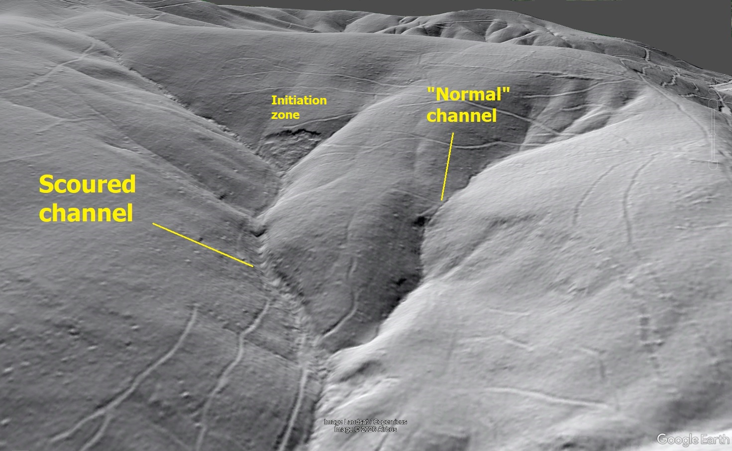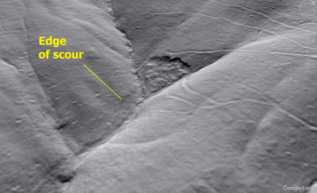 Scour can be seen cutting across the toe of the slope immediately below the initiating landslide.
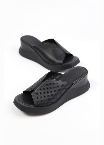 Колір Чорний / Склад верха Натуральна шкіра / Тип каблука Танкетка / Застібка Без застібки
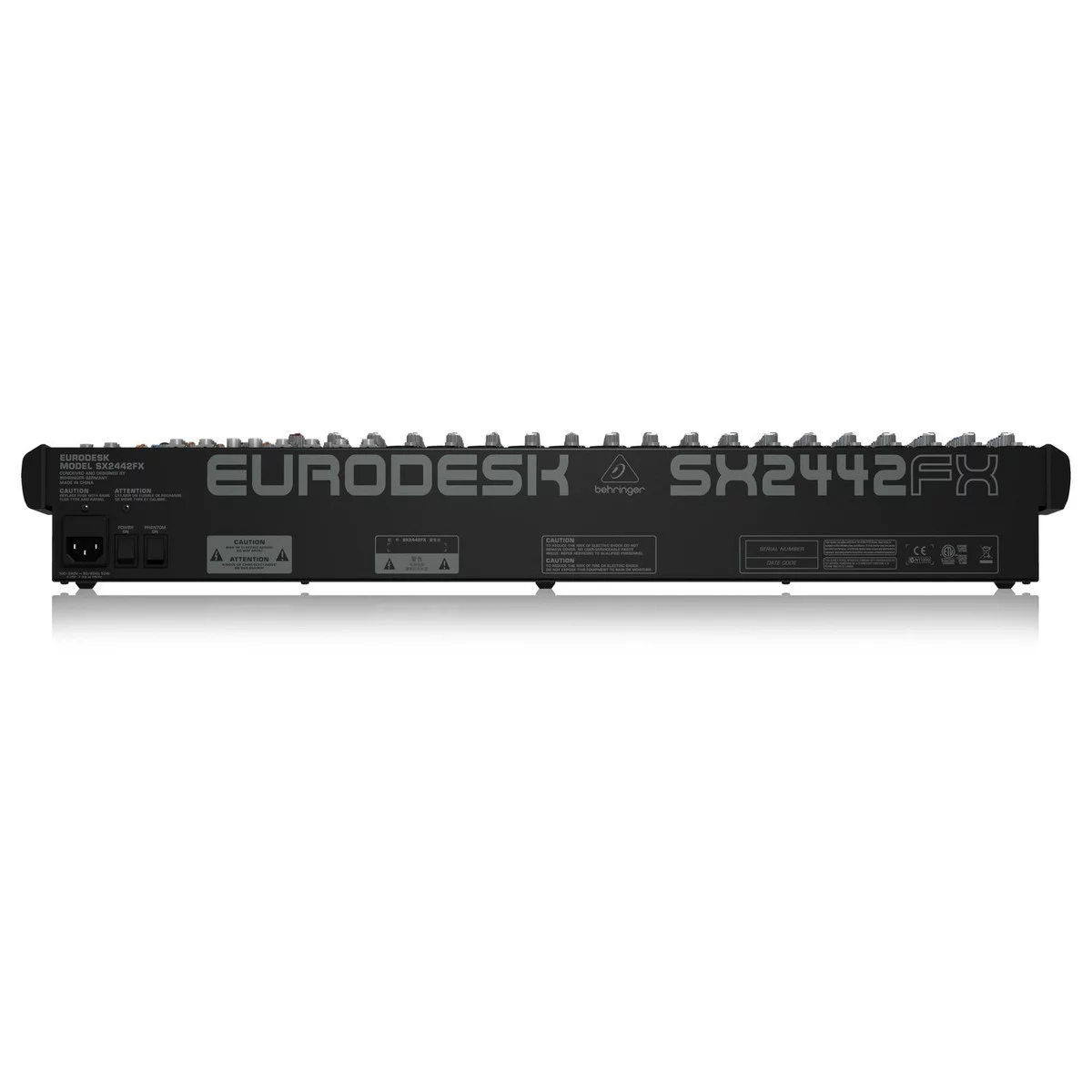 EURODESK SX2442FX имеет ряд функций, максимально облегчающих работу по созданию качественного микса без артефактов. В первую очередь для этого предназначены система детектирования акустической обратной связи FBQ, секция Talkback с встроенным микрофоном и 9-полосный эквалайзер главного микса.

======

ABOUT THIS TASK ▸
All of the material above should be written out exactly as given, minus any images.

ANSWER BOX ▸
 Scour can be seen cutting across the toe of the slope immediately below the initiating landslide.
 Колір Чорний / Склад верха Натуральна шкіра / Тип каблука Танкетка / Застібка Без застібки
 EURODESK SX2442FX имеет ряд функций, максимально облегчающих работу по созданию качественного микса без артефактов. В первую очередь для этого предназначены система детектирования акустической обратной связи FBQ, секция Talkback с встроенным микрофоном и 9-полосный эквалайзер главного микса.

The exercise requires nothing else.